# ASSIGNMENT:
Beginning with the line that holds "Компания Ladbrokes представлена", write out each line exactly as it stands until the end of the data, and include no pictures.

# SUPPLIED RECORDS:
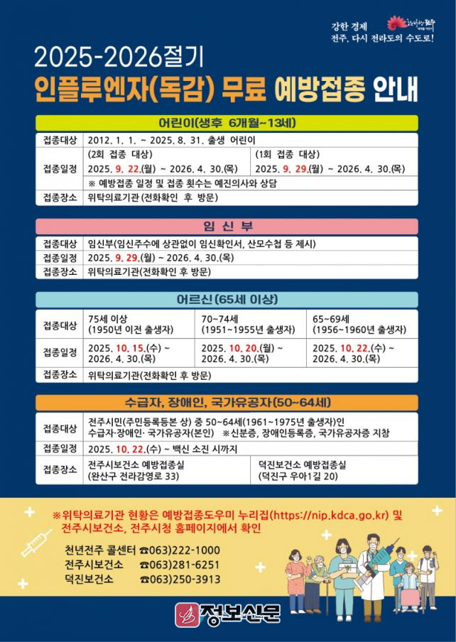 2025-2026 절기 독감 무료 접종 대상자는 △생후 6개월~13세 어린이 및 임신부 △65세 이상 어르신 △50~64세 전주시 취약계층(기초생활수급자와 장애인, 유공자)이다.
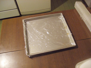鉄板にクッキングシートか、サランラップを敷く。
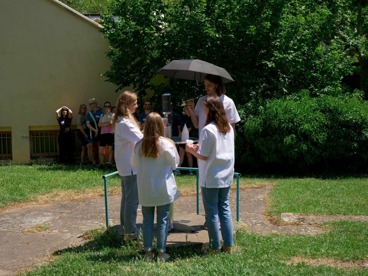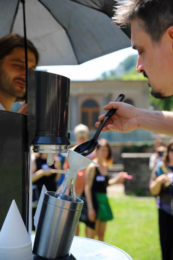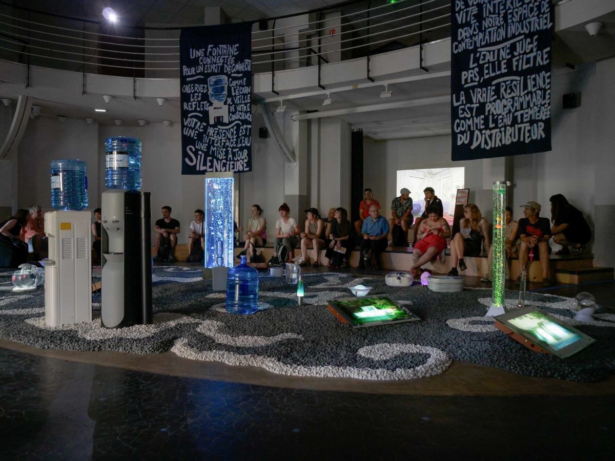 Les contributions s’additionnent, alimentant une machine à eau gazeuse. Récompense et bien-être garantis dans cette performance où l’eau devient une monnaie d’échange au profit de la satisfaction personnelle et de la cohésion d’équipe. Le rituel s’achève par la distribution d’une unique gorgée d’eau pétillante tiède – geste absurde et partagé, récompense minimale d’un effort collectif.
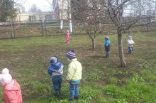 Ясельная группа вышла на весеннюю прогулку в яблоневый сад.
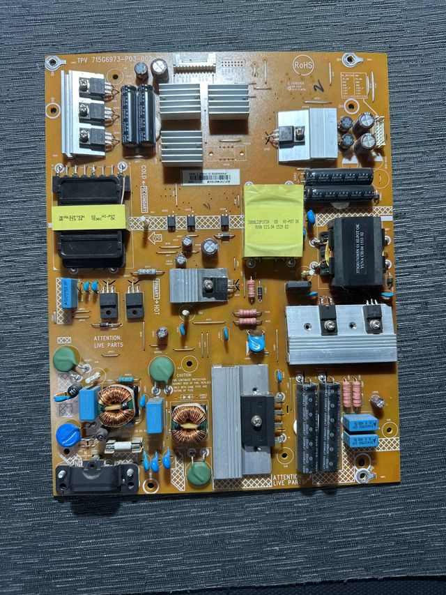 Sacada de televisor PHILIPS 55PUH4900/88 con pantalla rota. - Modelo: TPV 71566973-P03-002. - Componentes electrónicos montados en placa.
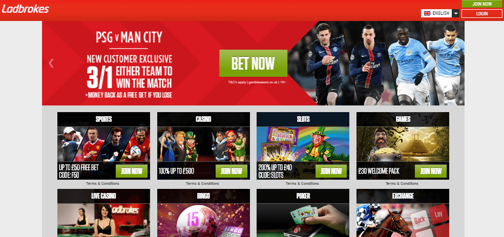 Компания Ladbrokes представлена в виде портала, который объединяет в себе все направления пои предоставлению азартных услуг.
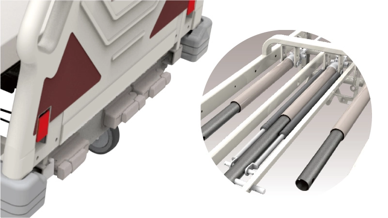 - 透過氣壓缸裝置,大幅減輕手搖操作時所需的力量,讓調整床面變得更輕鬆、更省力

# ANSWER SECTION:
 Компания Ladbrokes представлена в виде портала, который объединяет в себе все направления пои предоставлению азартных услуг.
 - 透過氣壓缸裝置,大幅減輕手搖操作時所需的力量,讓調整床面變得更輕鬆、更省力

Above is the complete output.